Eğitime dair -II-
Cumhuriyet aydını, ister solcu ve isterse sağcı olsun kendini bugün de Avrupa'nın zihnî vesayetinden kurtaramamıştır. Hakîkat şu ki eğitim değil de hukuk, iktisat, gazetecilik veya güzel sanatlar mevzuunda benzer bir...
Cumhuriyet aydını, ister solcu ve isterse sağcı olsun kendini bugün de Avrupa'nın zihnî vesayetinden kurtaramamıştır. Hakîkat şu ki eğitim değil de hukuk, iktisat, gazetecilik veya güzel sanatlar mevzuunda benzer bir çalışma olsaydı yine aynı mantık, muhakeme ve atıflar olacaktı. Yine yabancıların rehberliğine ihtiyaç duyulacak, yine bizim saklı yıldızlarımız, unutulmuşluğa mahkûm kalacaktı.
Sunulan formda sözü edilen eğitim anlayışlarının her birinden alınacak, kabul edilecek taraflar mevcuttur. Bunları çatıştırmaya; beyaz mı, siyah mı? münazarasına gerek yoktur. Malûmdur ki Hâce-i Kâinat olan Kâinatın Hocası/öğretmeni olan Sevgili Peygamberimiz, "hikmet, mü'minin malıdır, nerede bulursa alır" buyurmaktalar. Ve yine buyurmaktalar ki: "Söyleyene değil, söze bakılır." Keza "insanların en iyisi insanlara faydalı olandır" diyorlar? Bu hadis-i şerifin her Öğretmenler Odası’nın duvarına asılması ne kadar teşvik edici olur.
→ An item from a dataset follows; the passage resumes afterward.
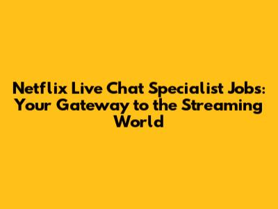 Netflix Live Chat Specialist: Your Dream Job Awaits!

Aydınımız, bugün olmuş Fransız İhtilalinin tesirlerindedir. O tesirler, bize bir imparatorluğu kaybettirdi. Atalar, "kem alatla kemalat olmaz!" demişler. Eğer bu söz, maksadı ifade etmiyorsa gömleğin ilk düğmesinin yanlış iliklenmesi gerçeği hatırlamalı.